*** Available records Section Begins ***
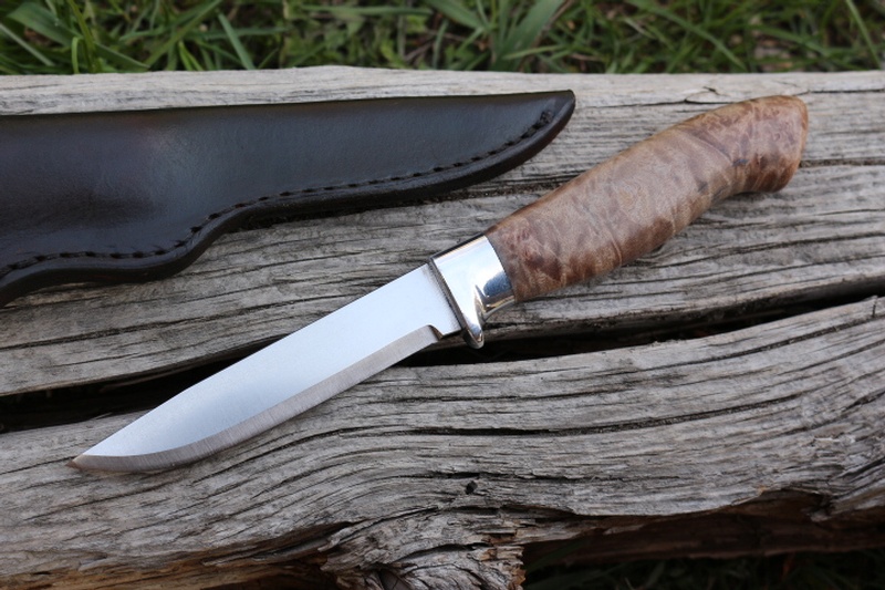 The Maple Burl handle has a deep swell for comfort and traction and the Blade sits alert from the Aluminium bolster, ready for use!
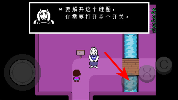 1、根據(jù)提示,解開謎題需打開多個開關(guān),先操控角色移動到箭頭指向的機(jī)關(guān)處,觸發(fā)該開關(guān)推進(jìn)解謎流程。
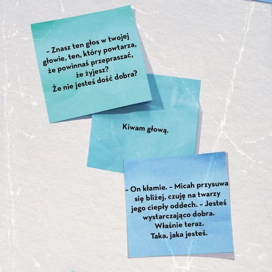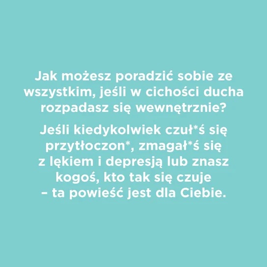 Treści wrażliwe: próby samobójcze, problemy ze zdrowiem psychicznym, depresja, trauma, stany lękowe, ataki paniki, szykanowanie (przez rówieśników), śmierć bliskiej osoby, samookaleczanie. (Nota wydawcy).
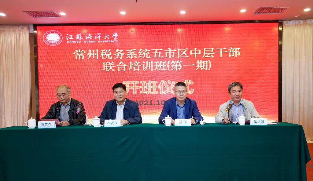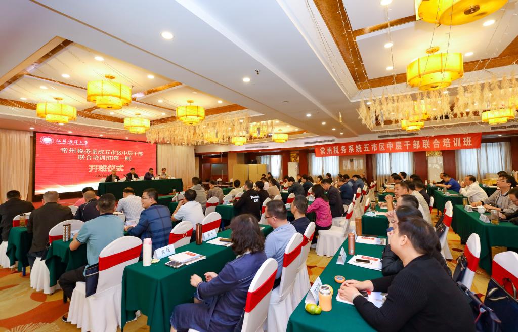 江苏海洋大学继续教育学院承办的常州税务系统五市区中层干部联合培训班于2021年10月11日下午举行开班仪式,来自常州税务系统80多位中层干部参加,继续教育学院院长舒伟出席开班仪式。
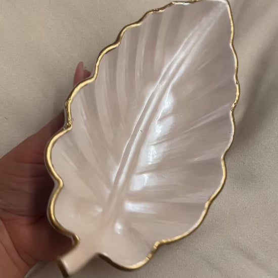 Dit handgemaakte schaaltje van Acrystal is geïnspireerd op de natuurlijke vorm van een blad en afgewerkt met een subtiel gouden randje. De zachte glans en verfijnde details maken het tot een stijlvol decorstuk dat in elk interieur tot zijn recht komt.
*** Available records Section Ends ***
What the task asks: Full transcription without images: please go through the records and repeat them exactly.

Solution below:
 The Maple Burl handle has a deep swell for comfort and traction and the Blade sits alert from the Aluminium bolster, ready for use!
 1、根據(jù)提示,解開謎題需打開多個開關(guān),先操控角色移動到箭頭指向的機(jī)關(guān)處,觸發(fā)該開關(guān)推進(jìn)解謎流程。
 Treści wrażliwe: próby samobójcze, problemy ze zdrowiem psychicznym, depresja, trauma, stany lękowe, ataki paniki, szykanowanie (przez rówieśników), śmierć bliskiej osoby, samookaleczanie. (Nota wydawcy).
 江苏海洋大学继续教育学院承办的常州税务系统五市区中层干部联合培训班于2021年10月11日下午举行开班仪式,来自常州税务系统80多位中层干部参加,继续教育学院院长舒伟出席开班仪式。
 Dit handgemaakte schaaltje van Acrystal is geïnspireerd op de natuurlijke vorm van een blad en afgewerkt met een subtiel gouden randje. De zachte glans en verfijnde details maken het tot een stijlvol decorstuk dat in elk interieur tot zijn recht komt.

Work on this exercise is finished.